On Nov. 14, 1986, Lard, 40, was working at Mount Vernon Realty in the 300 block of Garrisonville Road. She was last seen that evening at 9 p.m. as the business closed. Lard never made it home that night. On the morning of Nov. 15, 1986, employees of other businesses in the area discovered a crime scene at the realty office indicating a struggle. Lard and her vehicle were both missing.  

Jacqueline Lard

Stafford County detectives, assisted by the Virginia State Police Crime Scene Unit and the FBI processed the scene and collected blood and other evidence. The following day, two juveniles were playing in a wooded area near Railroad Avenue in Woodbridge and discovered a body beneath a pile of discarded carpet. Stafford detectives joined Prince William detectives and the FBI to process the scene and identified the deceased as Lard. This collection of evidence led to the suspect’s identification 37 years later. Lard’s missing vehicle was found in Fairfax County on Dec. 18, 1986, leading to more evidence recovery.  

Over the years, detectives from multiple agencies, both federal and state, followed up on leads and conducted interviews, resulting in the elimination of numerous suspects and persons of interest.
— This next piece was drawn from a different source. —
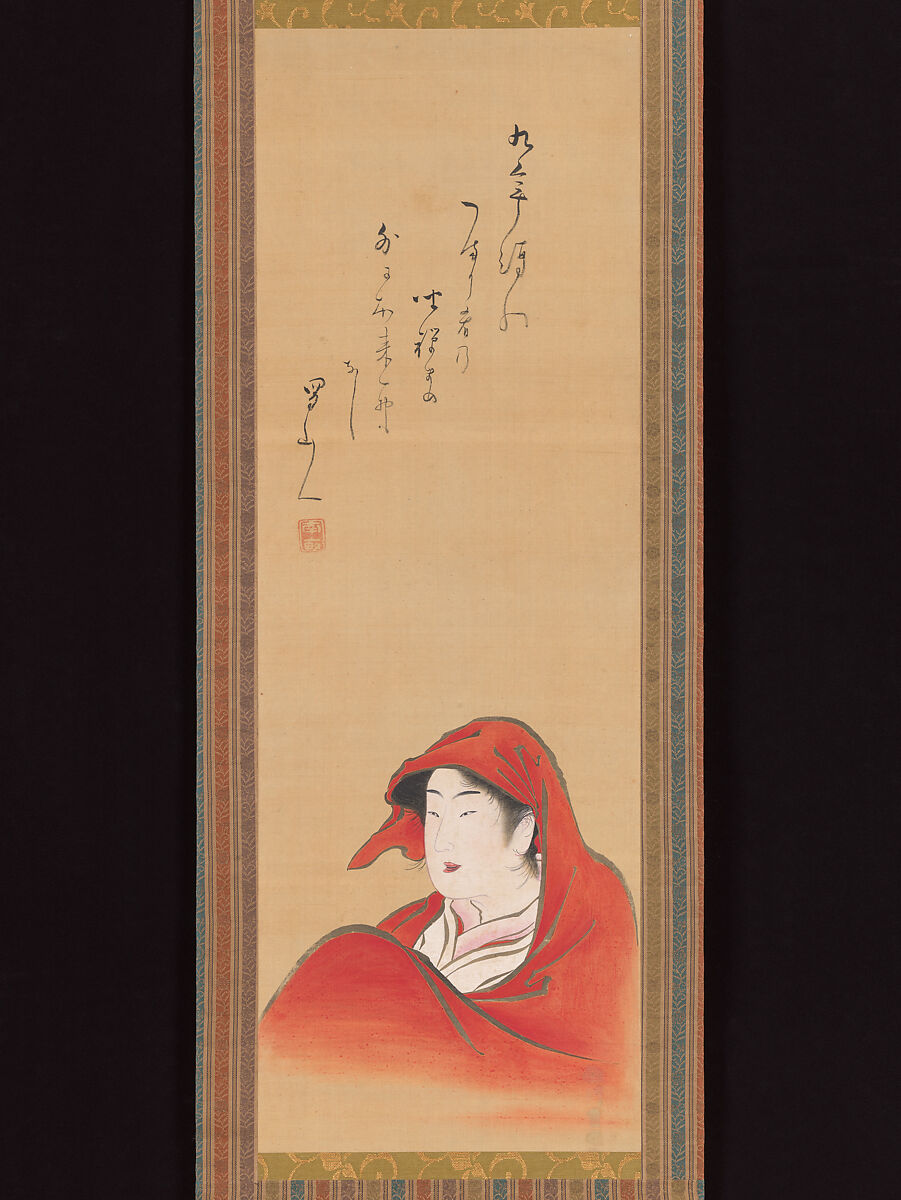 Though a painting of a young woman, the red cape and cowl are associated with traditional imagery of Daruma (Bodhidharma), the legendary monk who traveled from India to China to establish Chan (Zen) Buddhism, who is often depicted in similar garb. The painting here, unsigned but most likely by Toyoharu based on stylistic considerations, is intended as a parodic depiction of a Yoshiwara courtesan. The poem by Shokusanjin plays on Buddhist phrases related to the Daruma’s nine years of zazen meditation in a cave to connote a drinking party.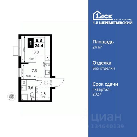 Продаётся квартира-студия номер 1273 общей площадью 23.6 кв.м. на 10-м этаже 17 этажного здания. Без отделки.

The FBI created a task force combining the efforts of the Stafford Sheriff’s Office, the Prince William County Police Department, the FBI and the DEA. DNA was extracted from the evidence, but repeated searches of the Virginia and National DNA Databanks via CODIS in addition to direct comparisons against submitted persons of interest and familial searches failed to identify the killer. The leads were exhausted, and the investigation moved to cold case status.  

Sheriff Decatur and Detective D.K. Wood explored using a new technology, forensic investigative genetic genealogy, to help identify the killer. Wood worked with Parabon NanoLabs, a company providing DNA phenotyping, to analyze the evidence. That DNA evidence linked the murder of Lard to the unsolved murder of Baker.  

On Dec. 14, 2023, a family name for the suspect was identified. Detectives followed up and obtained a search warrant for DNA from Harrison.  

Last month, the Department of Forensic Science reported the DNA was a match. After nearly four decades, the identity of the murder suspect had been revealed.